Quanto maior o estoque maior é o prejuízo. Em algum momento, portanto, os importadores chineses terão de furar esta bolha para reduzir perdas. A agulha mais adequada para isto costuma ser a redução de preços. O problema é que esta ação de desova desvaloriza a marca e os carros que foram comprados antes dos descontos.
Ainda que alguns milhares de consumidores possam ser beneficiados por descontos atraentes para comprar carros elétricos e híbridos chineses, quem já comprou será prejudicado pela perda de valor do usado.
Olhando para o mercado como um todo, seja de veículos eletrificados ou a combustão, um estoque deste tamanho tem poder para distorcer o mercado com volatilidade de preços.
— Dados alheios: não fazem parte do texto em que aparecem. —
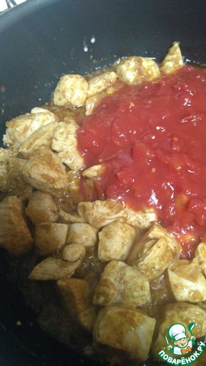 В обжаренную курицу добавляем помидоры. Если помидоры очень мясистые, и жидкости мало, добавляем четверть стакана воды. Оставляем для закипеть и немножко увариться (3-4 минуты)

Pode reduzir valores por algum tempo mas depois a conta chega com reajustes que tornam os produtos mais caros do que antes, porque as empresas correrão para recuperar rentabilidade.
Outra questão é que após algum tempo no estoque, por meses em pátios abertos, o carro fica exposto à degradação do tempo. O freguês poderá, assim, comprar um zero-quilômetro e levar para casa um carro com alguns desgastes de usado.
Por fim, mas não menos importante, é que o acúmulo de carros parados nos pátios dos portos já está provocando problemas operacionais. Os veículos chineses estão disputando espaços com veículos de outras procedências e outros produtos importados, o que atrasa as entregas de componentes e pode afetar e encarecer a produção nacional. Segundo a Anfavea alguns de seus fabricantes associados precisaram importar peças por via aérea para contornar o congestionamento dos portos.
A questão, portanto, não é mais se o problema acontecerá mas quando – e não deve demorar.